Inzwischen haben viele Weinheimer Bürger Tür und Herz geöffnet und verschiedenen jüdischen Familien in schönster Weise Gastfreundschaft geschenkt, wenn sie wiederholt ihren Urlaub in Weinheim verbracht haben. Auch die "Woinemer Kerwe" ist für manchen zu einem ganz besonderen Anziehungspunkt geworden. Mit meiner Frau war ich auch stolz, in New York die Weinheimer "Eintracht" ´zu hören, zumal wir bei einer Probe während unseres Urlaubs draußen im Müll zugegen sein durften. Wir denken auch an die Ausstellungen, die jüdischen Glauben und jüdisches Brauchtum zum Gegenstand hatten. Im nahen Hemsbach wurde die Synagoge in einfühlsamer Weise wiederhergestellt. Nach Abbruch der alten Hirschschen Fabrik im Gerberbachrtel wurde der neu entstandene Platz mit der dem Altstadtviertel angepaßten Wohnsiedlung "Sigmund-Hirsch-Platz" genannt. Der Rundbrief von Daniel Horsch am Jahresende gibt diesem "1979er Ring" zudem eine feste Klammer. Was ich hier andeute, war ein Brückenschlag zur Versöhnung.

Die Sorgen bleiben

Dürfen wir Juden nunmehr ohne Besorgnis bleiben? Wir stellen mit Beklemmung und Beunruhigung fest, dass sich rechtsradikale Tendenzen in der Bundesrepublik und in unserer alten Heimat breitmachen und ganz allmählich an Boden gewinnen. Da wird deutlich, dass die Epoche der nationalsozialistischen Verbrechen noch nicht in der Geschichte versunken ist. Allzu blauäugig wird da eine gefährliche Entwicklung gesehen. Sind die Erinnerungen an die teuflischen Geschehnisse völlig verblaßt und vergessen? "Verdrängen hält die Erlösung auf. Erinnern bringt sie näher, lautet der Spruch in der Gedenkstätte Yad Vashem in Jerusalem. So hoffen und wünschen wir aus ganzem Herzen, dass in unserer alten Heimat und im deutschen Volk der Antisemitismus keinen Platz mehr finde. Er ist eine seelisch-geistige Krankheit gefährlichster Art. Sie ist mit Fanatismus verbunden und muß als ansteckende Seuche angesehen werden. Ihr lieben Weinheimer, schützt Euch vor dieser Krankheit, seid widerstandsfähig!. Die Zuneigung, die wir bislang in schönster Weise erfahren haben, läßt uns hoffen.

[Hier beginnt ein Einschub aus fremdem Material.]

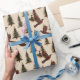 Julens Abstrakt Fåglar och Träd Wrapping Papper Presentpapper
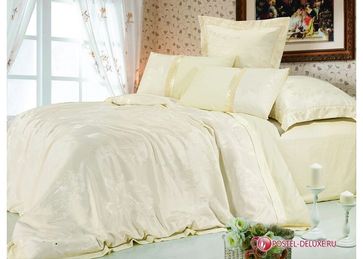 Постельное белье сделано из жаккарда - ткани фактурного плетения, в которой нити очень плотно переплетены и образуют узорчатый релье. При таком плетении достигается очень высокая плотность нитей на единицу площади, поэтому всякий жаккард заведомо долговечнее любого другого материала, полученного одним из простых способов плетения. Народное название жаккарда – искусственный шелк. Петли перекручены, при растяжке не распускаются. Благодаря этому ткань жесткая, прочная, но не тяжелая, менее подвержена истиранию. Жаккард очень практичный материал, неприхотливый в уходе.
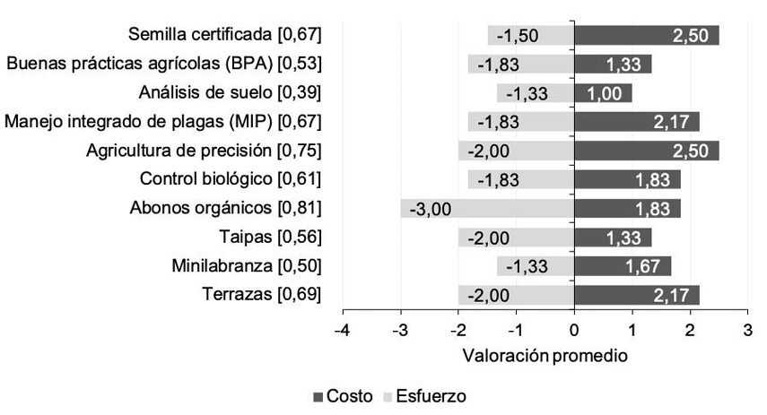 Figure 2. Average evaluation by experts on each conservation practice technology in rice cultivation (Oryza sativa L.), based on cost and implementation effort. Costa Rica, 2021.
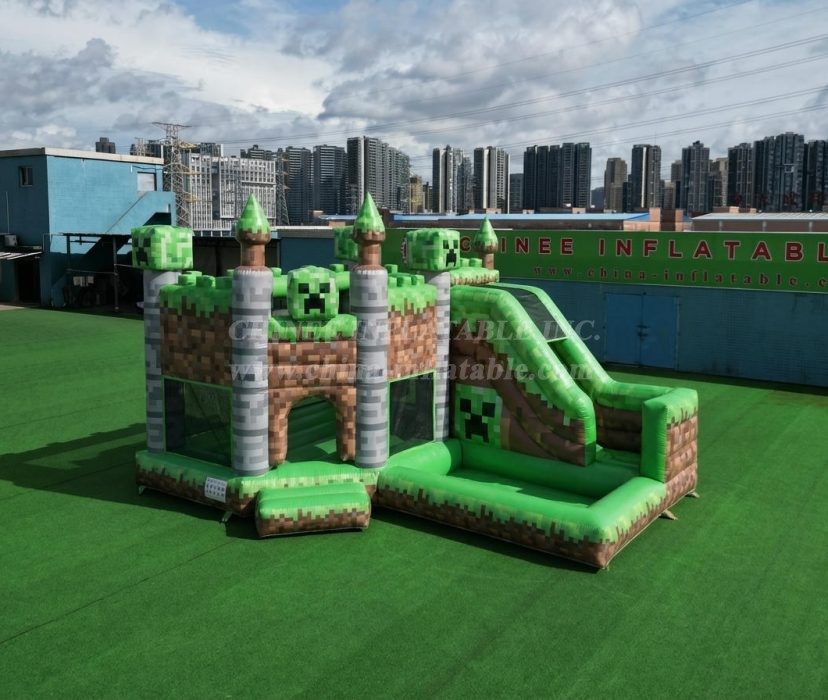 T2-8807 Minecraft Theme Bouncy Castle with Slide & Pool

(Hilde und Manfred Oppenheimer besuchten auch in diesem Jahr (1988) Weinheim und die Gedenktafel für die Synagoge. Ihr Großvater Samuel Oppenheimer war einst aus Birkenau nach Weinheim gekommen und hatte sein erstes Geschäft in der Kühgaß, der heutigen Lindenstraße. Vater Max eröffnete 1923 neben dem "Grünen Baum" seine Metzgerei, die er 1935 verkaufte. Bis zur Auswanderung 1939 war Max Oppenheimer in den Konzentrationslagern Dachau und Buchenwald.)

Manfred Oppenheimer, am 09.11.1988 in den Weinheimer Nachrichten erschienen.